Genomics

Genomic sequencing produces data at successive stages (raw reads, aligned sequences, and processed variants or expression matrices), each with its own formats, repositories, and governance.

Standards

The core sequence and variant formats (SAM-BAM-CRAM, VCF, VRS, Phenopackets) are standardised by GA4GH, which also provides data access and interoperability APIs adopted by controlled-access repositories including EGA and dbGaP.

Data archives

Genomic data deposits follow the processing pipeline. Raw reads in FASTQ format go to the INSDC (International Nucleotide Sequence Database Collaboration) partner archives: ENA (Europe), SRA (USA), and DDBJ (Japan), which synchronise their holdings daily. Human raw reads that cannot be openly released due to re-identification risk are deposited in controlled-access archives instead: EGA (Europe) or dbGaP (USA). Aligned reads in SAM-BAM-CRAM follow the same open or controlled-access frameworks as the raw reads they derive from. Processed variants in VCF can often be shared as anonymised summary statistics, with open-access submissions going to EVA (Europe) or dbSNP (USA). Clinical significance classifications are curated in ClinVar, with expert panel assessments from ClinGen. Expression count matrices from bulk RNA-seq studies are deposited in NCBI GEO (open) or EGA (controlled access).

Federated search and analysis

The GA4GH Beacon specification defines a standardised query interface that allows institutions to expose whether their database contains a given genomic variant without sharing the underlying data.
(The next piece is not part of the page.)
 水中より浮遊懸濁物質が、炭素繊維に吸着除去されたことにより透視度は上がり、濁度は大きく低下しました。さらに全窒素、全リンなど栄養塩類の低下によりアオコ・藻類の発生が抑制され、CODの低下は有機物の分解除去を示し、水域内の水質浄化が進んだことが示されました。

Participating institutions run a Beacon-compliant service locally and respond to queries from external researchers, enabling cross-institutional genomic discovery without moving sensitive data to a central location. BBMRI-ERIC operates a network of Beacon nodes across European biobanks, making population-scale variant frequencies queryable across the network.
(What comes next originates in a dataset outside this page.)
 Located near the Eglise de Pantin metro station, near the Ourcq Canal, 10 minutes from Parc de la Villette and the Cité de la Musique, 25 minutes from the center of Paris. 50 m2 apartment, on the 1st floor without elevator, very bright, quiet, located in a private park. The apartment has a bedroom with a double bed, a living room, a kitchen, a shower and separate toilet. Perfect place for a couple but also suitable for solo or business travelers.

The GDI (European Genomic Data Infrastructure) project implements this model at continental scale, deploying a federated infrastructure across 21 EU countries using GA4GH Beacon and DRS APIs, with EGA Federated national nodes as the controlled-access repository backbone. GDI implements the 1+MG Framework, the normative reference document produced by the 1+ Million Genomes (1+MG) initiative covering ELSI, data quality, technical standards, and healthcare integration for national genomics programmes. The Genome of Europe project (2024–2028) is building the primary reference dataset for GDI, generating whole-genome sequences from population cohorts across 20+ European countries coordinated through BBMRI-ERIC national nodes.

Single-cell data

Single-cell genomics differs from bulk sequencing in that each cell is profiled individually, producing a cells-by-features matrix as the primary data object rather than a sequence read file. The processing pipeline, tooling, and archives are therefore distinct from those above.

Single-cell data is analysed in two primary ecosystems: AnnData (Python/scverse) and Seurat (R), with the h5ad file format serving as the common exchange format between them. Cell type annotation uses Cell Ontology, and anatomical provenance of cell populations (brain region and tissue type) uses UBERON. Single-cell datasets are deposited in CELLxGENE, which provides interactive exploration and a programmatic Census API for large-scale cross-dataset analysis, or in NeMO Archive for BRAIN Initiative-funded data.

Notable open datasets

  • BICAN is assembling a multi-resolution mammalian brain cell type atlas from single-cell transcriptomic data, deposited in NeMO Archive and CELLxGENE.
  • UK Biobank includes whole-exome sequencing and array genotyping from 500,000 participants, linked to neuroimaging and phenotypic data, available under controlled access.
  • ENIGMA Consortium coordinates genome-wide association studies integrated with neuroimaging data across hundreds of sites, with summary statistics openly shared.

For the phenotyping standards and variant curation infrastructure relevant to rare neurological disease, see Rare Disease and Phenotyping. For the health data access models and regulatory constraints governing sensitive genomic data, see Health.